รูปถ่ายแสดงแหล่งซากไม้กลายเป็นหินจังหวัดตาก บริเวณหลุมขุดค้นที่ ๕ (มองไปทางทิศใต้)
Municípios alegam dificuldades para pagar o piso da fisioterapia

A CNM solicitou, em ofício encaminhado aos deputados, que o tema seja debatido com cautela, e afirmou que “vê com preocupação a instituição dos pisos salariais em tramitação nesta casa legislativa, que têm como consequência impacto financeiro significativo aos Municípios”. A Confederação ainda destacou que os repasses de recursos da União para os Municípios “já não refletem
****************
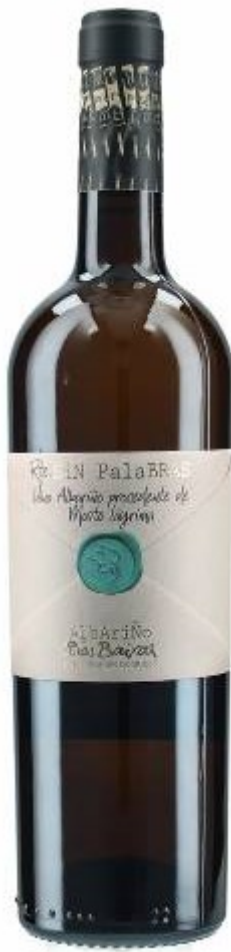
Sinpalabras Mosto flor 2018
****************
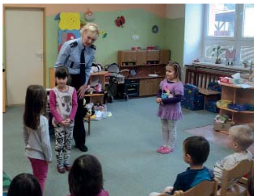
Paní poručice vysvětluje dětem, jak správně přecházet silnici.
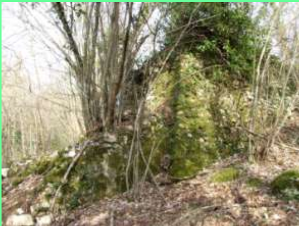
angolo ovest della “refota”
****************
* Problem statement: Nothing but the lines above from the one containing "บริเวณหลุมขุดค้นที่ ๕ (มองไปทางทิศใต้)" through the one containing "A CNM solicitou, em" should appear in the answer, each repeated exactly.

* Expected answer:
รูปถ่ายแสดงแหล่งซากไม้กลายเป็นหินจังหวัดตาก บริเวณหลุมขุดค้นที่ ๕ (มองไปทางทิศใต้)
Municípios alegam dificuldades para pagar o piso da fisioterapia

A CNM solicitou, em ofício encaminhado aos deputados, que o tema seja debatido com cautela, e afirmou que “vê com preocupação a instituição dos pisos salariais em tramitação nesta casa legislativa, que têm como consequência impacto financeiro significativo aos Municípios”. A Confederação ainda destacou que os repasses de recursos da União para os Municípios “já não refletem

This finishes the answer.